The duplicate edges in the eulerized graph correspond to blocks that our delivery person would have to travel twice. By keeping these duplicate edges to a minimum, we ensure the shortest possible route. It can be challenging to determine the fewest duplicate edges needed to eulerize a graph, but you can never do better than half the number of odd vertices. In the graph in Figure 12.128, we have found a way to fix the eight vertices of odd degree with only four duplicate edges. Since four is half of eight, we will never do better.
Checkpoint
IMPORTANT! The duplicate edges that we add indicate places where the route will pass twice. An entirely new edge between two vertices that were not previously adjacent would indicate that our postal delivery person created a new road through someone’s property! So, we can duplicate existing edges, but we cannot create new ones.
Example 12.28
Eulerizing Graphs
Use Graph A and multigraphs B, C, D, and E given in Figure 12.129 to answer the questions.
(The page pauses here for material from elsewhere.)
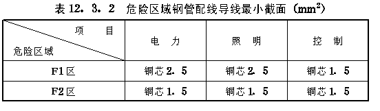 12.3 室内线路 12.3.1 危险区域电气线路的选择,应符合下列规定: 1危险区域的电气线路,应采用绝缘电线穿钢管敷设或采用电缆。电线和电缆的绝缘强度,不应低于该网路的额定电压,且不应低于500V,控制及通信线路绝缘电线和电缆绝缘强度不应低于工作电压,且其绝缘耐压试验电压不应低于500V。 2F0区不应敷设电力和照明线路。灯具安装在外墙外侧的电气线路,应采用截面为2.5mm2及以上的铜芯绝缘导线穿钢管沿建筑物外墙敷设。 12.3.2 F1区、F2区的导线截面选择和配电线路保护,应符合下列规定: 1各危险区域电压为1000V以下导线最小截面应符合表12.3.2的规定。 表12.3.2危险区域钢管配线导线最小截面(mm2) 2危险区域配电线路的短路保护、过负载保护和接地故障保护,应符合现行国家标准《低压配电设计规范》(GB50054-95)的有关规定。 3引向鼠笼型感应电动机的线路,当电压为500V以下时,其长期允许载流量,不应小于电动机额定电流的1.25倍。 12.3.3 当采用电线穿钢管敷设时,应符合下列规定: 1穿电线的钢管,应采用低压流体输送钢管,壁厚不应小于2.5mm。 2穿电线的钢管应对该危险区域密封,并应符合下列要求: 12.3.4 当采用电缆敷设时,应符合下列规定: 1敷设在F1区和F2区的电缆可采用有阻燃型护套的电缆。F1区、F2区可采用移动式带保护线的电缆,F1区为重型,F2区为中型。电缆芯线截面均应按本规范表12.3.2确定。 2电缆宜明敷,在易受意外损伤处的线段应穿钢管保护。当需在电缆沟内敷设时,应采取防止水及有爆炸危险物质侵入沟内的措施,并应将电缆沟过墙洞密封。 3除照明线路外,电缆不应有分支接头。照明线路的分支点应设在接线盒内。 4防爆电气设备的防爆接线盒,应采用电缆引入的型式。 |
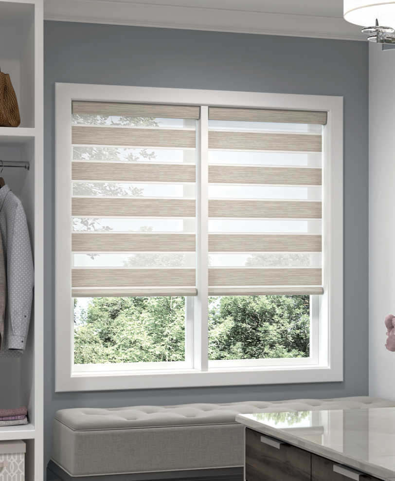 Transitional Shades are unique in both style and function. An imaginative blend of modern shades and horizontal blinds, Allure Transitional Shades offer complete control of light and privacy. Alternating vanes of sheer and light filtering or room dimming fabric lets you enjoy the view while still diffusing the light and maintaining your sense of privacy. You’ll be amazed by the nearly endless variety of light control and viewing options while still being able to raise and lower your shade at any level.

- Which of the multigraphs are not eulerizations of Graph A? Explain your answer.
- Which eulerization of Graph A uses the fewest duplicate edges? How many does it use?
- Is it possible to eulerize Graph A using fewer duplicate edges than your answer to part 2? If so, give an example. If not, explain why not.
Solution
- Multigraph B is not an eulerization of A because the edge N between vertices c and d is not a duplicate of an existing edge. Multigraph E is not an eulerization of A because vertices b and e have odd degree.
- Multigraph C uses 3 duplicate edges while multigraph D only uses 2. So, D uses the fewest.
- Since there were four vertices of odd degree in Graph A, the fewest number of edges that could possibly eulerize the graph is half of four, which is two. So, it is not possible to eulerize Graph A using fewer edges.
Your Turn 12.28
Checkpoint
IMPORTANT! Since only duplicate edges can be added to eulerize a graph, it is not possible to eulerize a disconnected graph.
WORK IT OUT
In The Wonderful Wizard of Oz, written by L. Frank Baum and illustrated by W. W. Denslow, the region of the Emerald City lies at the center of the magical land of Oz, with Gillikin Country to the north, Winkie Country to the east, Munchkin Country to the west, and Quadling Country to the south. Munchkin Country and Winkie Country each shares a border with Gillikin Country and Quadling Country. Let’s apply graph theory to Dorothy’s famous journey through Oz. Draw a graph in which each vertex is one of the regions of Oz. Then answer each question:
- Is there an Euler trail circuit that Dorothy could follow, instead of the yellow brick road, to lead her from the land of the Munchkins, through all the regions of Oz and back, passing over each border exactly once? If not, how could the graph be Eulerized most efficiently?
- What is the chromatic number of the graph? Find a graph coloring that demonstrates your answer and use it to draw and color a graph of Oz.